DATASET RECORDS:
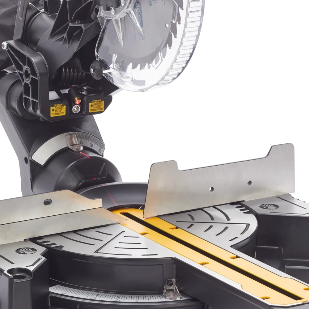 - 15A mitre saw has a 5000RPM motor, and 40T carbide tip blade
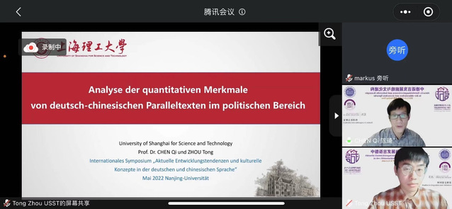 Beat365陈琦教授、王婀娜副教授、倪晓姗博士、在读博士唐骋老师和2020届MTI学生周通参与会议并就不同议题分别作了报告。陈琦教授与同济大学董菁副教授合作了大会主旨报告Echo-Konstruktionen aus Sicht der dialogischen Syntax,与周通合作了分组报告Analyse der quantitativen Merkmale von deutsch-chinesischen Paralleltexten im politischen Bereich;王婀娜副教授在Empirische Sprachforschung的分组讨论中作了题为Analyse des Online-Lerndrucks chinesischer germanischer Studenten während der Epidemie的报告;倪晓姗博士在Theoretische Sprachforschung的分组讨论中作了题为Eine rollentheoretische Diskursanalyse der Sicherheitspolitik Deutschlands的报告;唐骋在Vergleichende Studien zum Deutschen und Chinesischen的分组讨论中作了题为Die lautliche Integration des chinesischen Lehnguts in die deutsche Gegenwartssprache的报告。
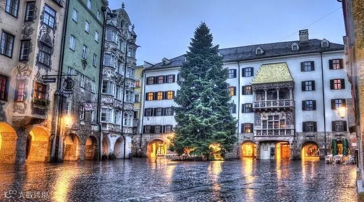 因斯布鲁克 群山环绕的“阿尔卑斯山谷的宝石”,白雪覆盖的山峦,参天的杉树,散落四周的湖泊,随处可见的野生天鹅,风景如画。团友亲临这座中世纪城市,在狭窄的小街上,欣赏哥特风格的楼房鳞次栉比。巴洛克式的大门和文艺复兴式的连拱廊展现出古城的风貌。
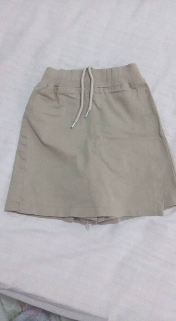 Bej renkli, rahat kesim mini etek, ayarlanabilir bağcıklı bel ve günlük kullanım için yumuşak sentetik kumaştan üretilmiştir.
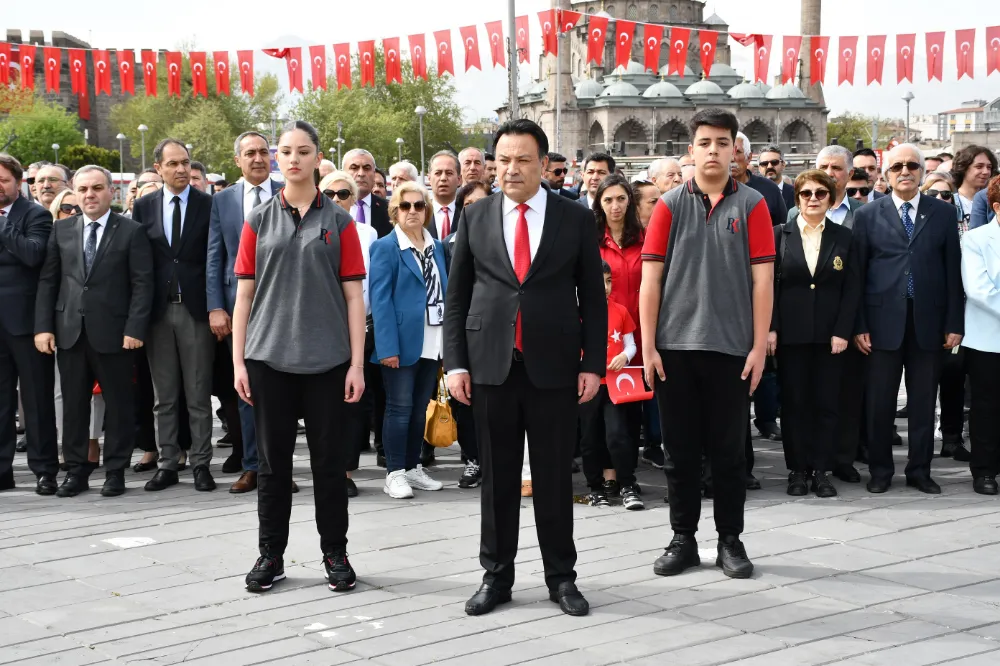 23 Nisan Ulusal Egemenlik ve Çocuk Bayramı Kayseri'de İl Milli Eğitim Müdürlüğü tarafından Atatürk büstüne konulan çelenkle kutlandı.
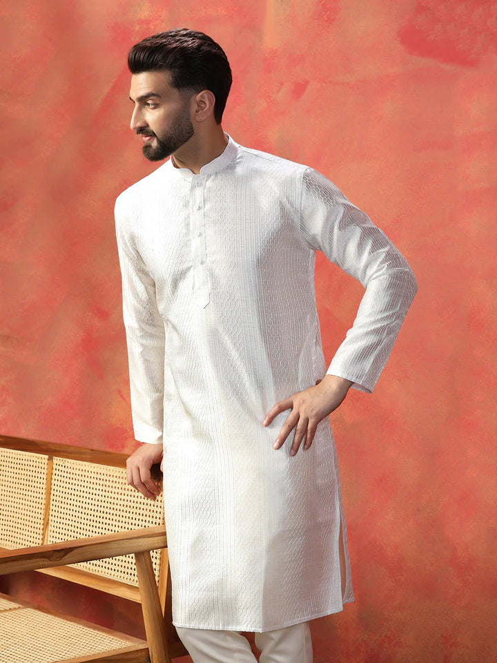 Experience luxury with this Men Embroidery Kurta from Prakatha, crafted from premium Bangalore Silk. Designed with intricate Embroidery and a sleek silhouette, it blends tradition with modern elegance, making it the perfect choice for festive celebrations and formal gatherings.
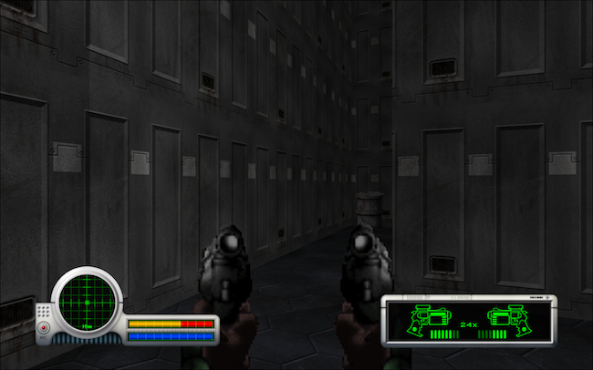 This is what the whole place looks like. It’s some dismal long forgotten part of the ship, dimly lit, sparse, flat. And full of lots of blind corners where Ticks ambush you. They’re about the size of a middling dog, easy to miss, drift quietly toward you and explode. So this level has tons of them on top of everything.

WHAT TO WORK ON: Omit the images and transcribe all of the records above word for word.

WRITTEN SOLUTION:
 - 15A mitre saw has a 5000RPM motor, and 40T carbide tip blade
 Beat365陈琦教授、王婀娜副教授、倪晓姗博士、在读博士唐骋老师和2020届MTI学生周通参与会议并就不同议题分别作了报告。陈琦教授与同济大学董菁副教授合作了大会主旨报告Echo-Konstruktionen aus Sicht der dialogischen Syntax,与周通合作了分组报告Analyse der quantitativen Merkmale von deutsch-chinesischen Paralleltexten im politischen Bereich;王婀娜副教授在Empirische Sprachforschung的分组讨论中作了题为Analyse des Online-Lerndrucks chinesischer germanischer Studenten während der Epidemie的报告;倪晓姗博士在Theoretische Sprachforschung的分组讨论中作了题为Eine rollentheoretische Diskursanalyse der Sicherheitspolitik Deutschlands的报告;唐骋在Vergleichende Studien zum Deutschen und Chinesischen的分组讨论中作了题为Die lautliche Integration des chinesischen Lehnguts in die deutsche Gegenwartssprache的报告。
 因斯布鲁克 群山环绕的“阿尔卑斯山谷的宝石”,白雪覆盖的山峦,参天的杉树,散落四周的湖泊,随处可见的野生天鹅,风景如画。团友亲临这座中世纪城市,在狭窄的小街上,欣赏哥特风格的楼房鳞次栉比。巴洛克式的大门和文艺复兴式的连拱廊展现出古城的风貌。
 Bej renkli, rahat kesim mini etek, ayarlanabilir bağcıklı bel ve günlük kullanım için yumuşak sentetik kumaştan üretilmiştir.
 23 Nisan Ulusal Egemenlik ve Çocuk Bayramı Kayseri'de İl Milli Eğitim Müdürlüğü tarafından Atatürk büstüne konulan çelenkle kutlandı.
 Experience luxury with this Men Embroidery Kurta from Prakatha, crafted from premium Bangalore Silk. Designed with intricate Embroidery and a sleek silhouette, it blends tradition with modern elegance, making it the perfect choice for festive celebrations and formal gatherings.
 This is what the whole place looks like. It’s some dismal long forgotten part of the ship, dimly lit, sparse, flat. And full of lots of blind corners where Ticks ambush you. They’re about the size of a middling dog, easy to miss, drift quietly toward you and explode. So this level has tons of them on top of everything.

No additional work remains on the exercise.